Photograph of a Tangerine

For a moment, the tangerine was a metaphor in his hand, but by the time he began peeling it, the thought had left him voided of any sense of the internal world’s expressive meaning associated with the fruit.

The wrinkles in his forehead had intensified their ridges. Mere seconds had passed. Whatever it was, it had been powerful.

The investigation sat crisply in the foreground, in shallow focus while the slices of tangerine disappeared into the bokeh of his mouth. When he gave up, he had gained nothing but the citric stickiness on his hand and the faint aftertaste of what he’d just consumed on his tastebuds.

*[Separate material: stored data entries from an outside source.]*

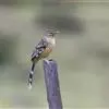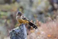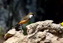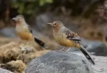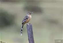 大噪鹛:中型鸟类,体长32-36厘米。额至头顶黑褐色,背栗褐色满杂以白色斑点,斑点前缘或四周还围有黑色。初级覆羽、大覆羽和初级飞羽具白色端斑。尾特长,均具黑色亚端斑和白色端斑。颏、喉棕褐色,…全部>>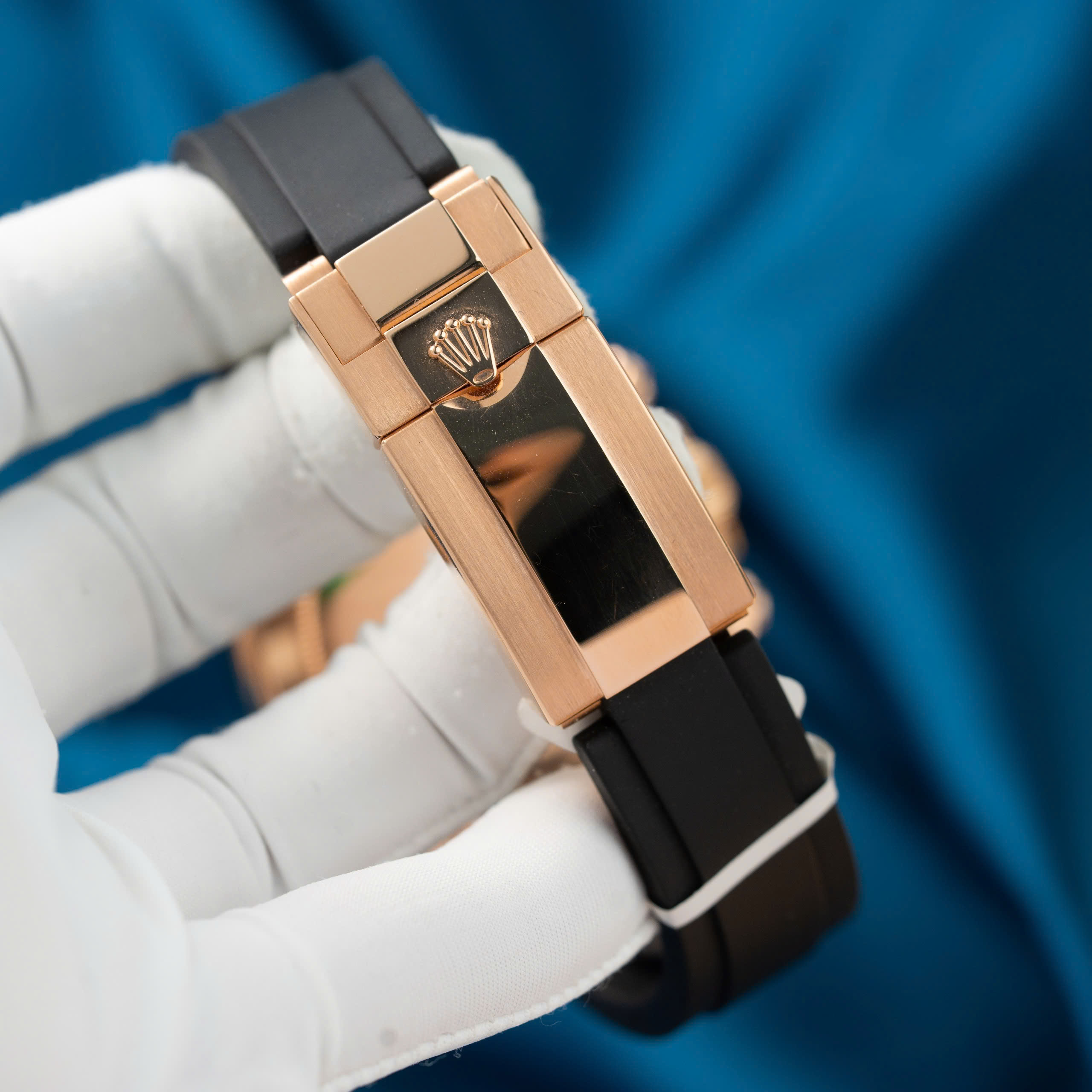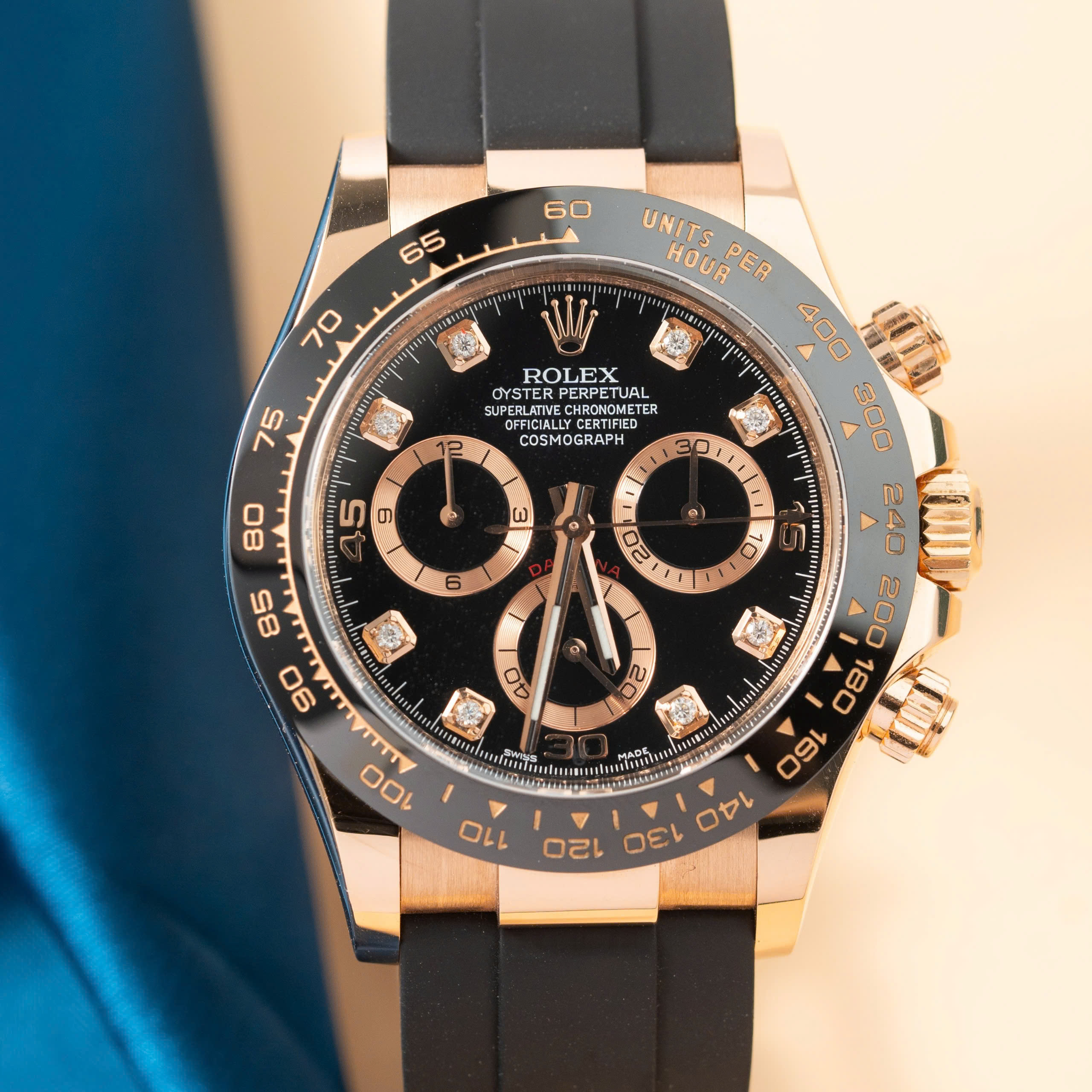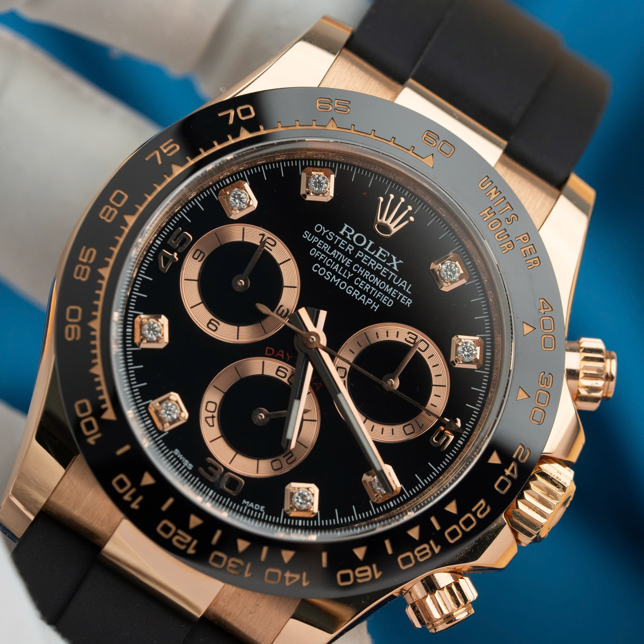 The Rolex Daytona Replica Watch Custom 18K Solid Gold & Natural Diamond, available at DWatch Global, is crafted from 18k rose gold and paired with an Oysterflex strap. Its allure comes from the pink dial and ceramic bezel, featuring baguette diamond hour markers, creating a striking aesthetic. The watch includes three sub-dials for the chronograph function: a 12-hour counter at 9 o’clock, a 30-minute counter at 3 o’clock, and a small seconds counter at 6 o’clock.
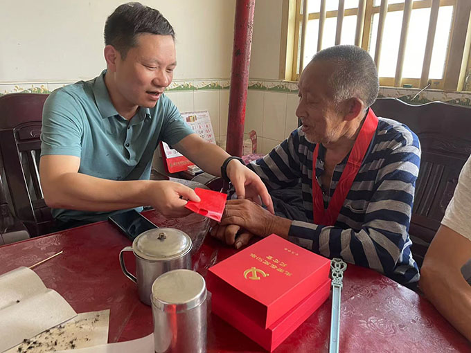 (葛旭華慰問(wèn)“在黨五十年”的老黨員童項(xiàng)書(shū))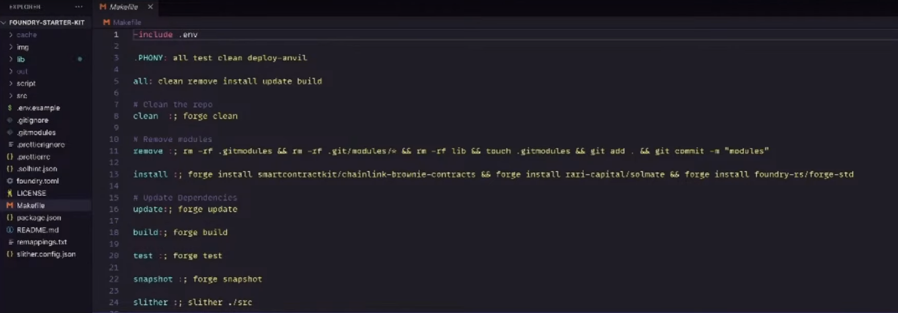 Foundry manages your dependencies, compiles your project, runs tests, deploys, and lets you interact with the chain from the command-line and via Solidity scripts.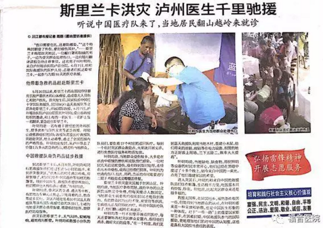 救援工作结束后,泸州晚报(川江都市报)还以《斯里兰卡洪灾 泸州医生千里驰援》为题进行了报道。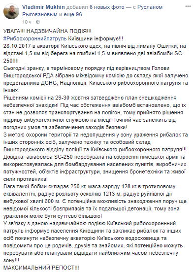 К северу от лимана Ошитки в Киевском водохранилище на расстоянии 1,5 км от берега и на глубине 1,5 метров обнаружены две авиационные бомбы SC-250. Об этом сообщил начальник Киевского рыбоохранного патруля Владимир Мухин на своей странице в Facebook.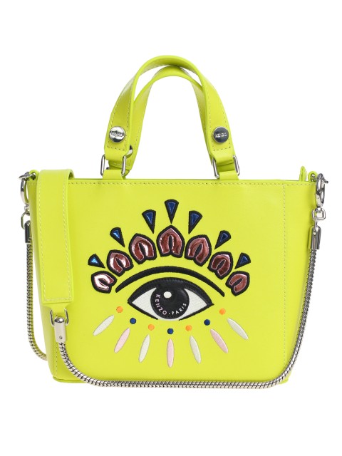 Детали: трапециевидная форма, две ручки, плечевой ремень на цепочке с карабинами, аппликация с эмблемой Eye, отделение на молнии.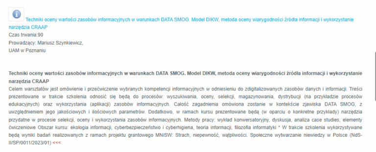 IwE2025 – Techniki oceny wartości zasobów informacyjnych w warunkach DATA SMOG. Model DIKW, metoda oceny wiarygodności źródła informacji i wykorzystanie narzędzia CRAAP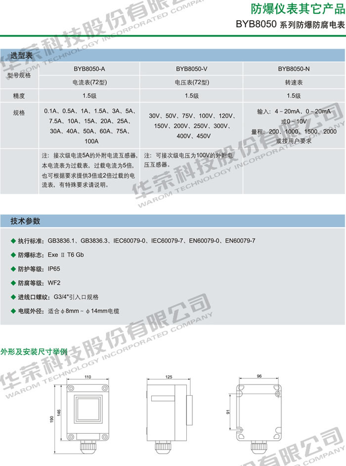 • 產(chǎn)品名稱:BYB8050 系列防爆防腐電表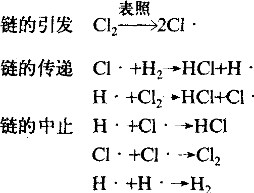 | 释义 | 氯气与氢气见光爆炸实验 氯气与氢气见光爆炸实验luqi yu qingqi jianguangbaozha shiyan该反应为典型的链锁反应,因反应迅速,能引起爆炸。反应机理如下: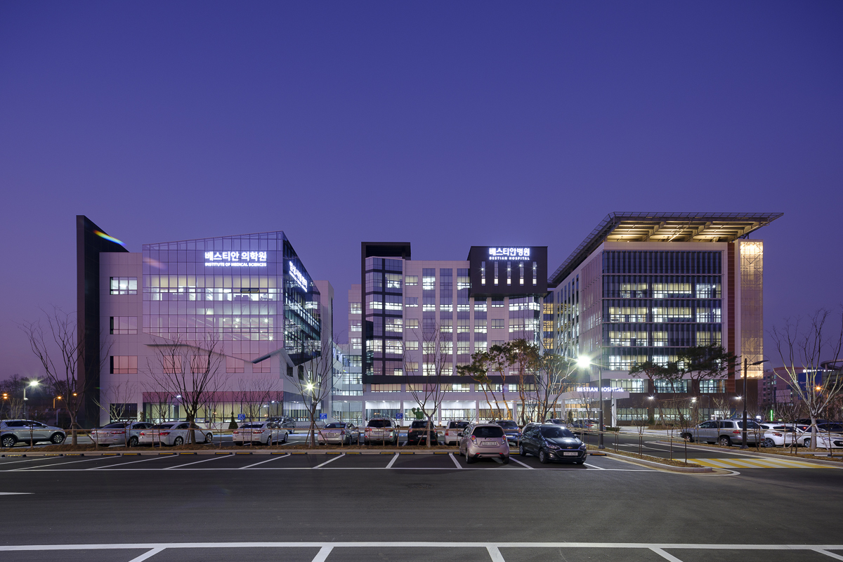 '베스티안병원 오송'전국 주요 거점(서울, 부천, 대전, 부산)에서 특화된 일반 환자들과 화상 환자들을 케어하던 베스티안병원은 오송 생명과학 단지라는 특별한 위치에 새로운 병원을 지어 임상시험센터와 종합병원의 복합된 기능과 더불어 충북지역 거점병원의 임무를 수행하기를 바랐다. 또한 시각적으로 차갑고 긴장감 있는 복잡한 환경을 조성하는 기존 국내 종합병원과 반대로 (재)베스티안병원은 공간 안에서 심리적으로 안정감을 제공해 주도록 '더불어 숲'이라는 아이덴티티를 구성하여 화상 환자의 육체적 고통뿐 아니라 심리적 고통까지 치유하고자 한 건축주의 의도를 반영하였다.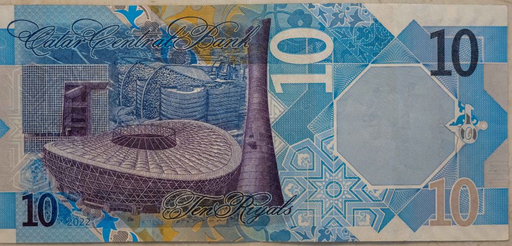 這是2025年4月17日在卡塔爾首都多哈以盧賽爾體育場為背景拍攝的卡塔爾10里亞爾紙幣,紙幣左邊圖案為盧賽爾體育場。

The healthy treat seemed to have vanished. An existential waste. He stomped to the kitchen sink to wash his hands, and he vowed never to eat another tangerine until he could remember the metaphor.

50 years later, on his hover-death-bed, he said, “Eureka: I have it!”

But he didn’t really have it. He just wanted to taste one last tangerine. So he did. It was great! But then he died, and his hover-children were like, “Gross. Dead dad.”

The eldest hover-son took a stereoscopic “3D” photo with his EyePhone contact lenses, squinted a retro filter on to it that made his father’s corpse look orange with a reddish haze, and then left-winked it onto Facebook below a frowny face caption. He double-blinked several times within the first minute, refreshing his timeline and relishing the anxiety that came with waiting to see the first red notification symbol, waiting for the second and the third, waiting to see just how many Likes of condolence it would earn.